D: “But Mr. Lusto, if .999… is exactly 1, then .999… plus .999… should equal exactly 2, but it doesn’t. It’s 1.999…8.”
What a freaking fantastic argument! Here’s a student who has accepted my proof, interpreted it, thought about it critically, and deduced a logical contradiction. My heart swelled a little bit. Unfortunately, the flaw in his reasoning highlights a fundamental misconception. D is viewing .999… like a driver. He sees it as a dynamic process, repeatedly appending a 9 to an ever-expanding sequence of 9s. He might even accept that this can theoretically go on forever, but his point-of-view still gets him into some trouble. When D mentally sums .999… and .999…, he’s suggesting that there are two “last 9s” that, when added, produce a trailing 8. But of course there are no “last 9s.” He’s implicitly terminated the process prematurely (which is to say, at all). Hence his objection, though thoroughly beautiful, is ultimately illusory.

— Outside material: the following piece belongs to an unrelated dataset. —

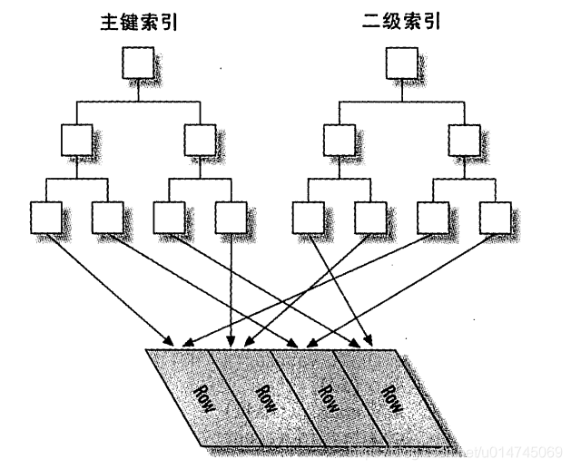 首先,不论在InnoDB还是在MyISAM中,索引都是以B树的形式来存储的,这没什么好说的(参考《MySQL 高级 —— 索引实现的思考》),然后我们看到,主键索引树中的叶子节点都会指向具体的数据行。
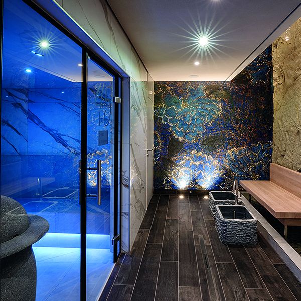 Der Bestands-Wellnessbereich wurde 2021 erweitert und modernisiert. Inhouse56 wurde bei diesem Projekt für alle Leistungsphasen sowie die Lieferung aller Möbel beauftragt. Ein ungenutzter „Kellerraum“, sowie Teile des zu dunklen Innenhofs wurden in den Wellnessbereich integriert, und die Etagen durch einen offenen Lichthof verbunden. Durch die gewonnenen Flächen konnten mehrere Saunen ergänzt werden. Der Weg dorthin führt durch ein Kneippbecken mit Steinboden.

J: “But Mr. Lusto, if .999… equals 1, then doesn’t 1.999… equal 2? Then can’t we write every number in two different ways?”
This student views .999… like a runner. The reason that .999… and 1 can be meaningfully thought of as equal is because they represent the same static value. They’re just two different names for the same object. Here’s a student who sees .999… as it actually is. And now, because of that, his concern is genuine. The fact that many real numbers have two decimal representations (one with infinite trailing 0s, one with infinite trailing 9s) is a true mathematical/philosophical problem. In fact, it’s an important result: those sorts of numbers turn out to be dense in the reals (in the topological sense). J may never care about, or even get enough math under his belt to understand, that statement, but his view of the nature of infinity is already more nuanced than D’s.
Something to think about next time you’re driving. Better yet, next time you’re running.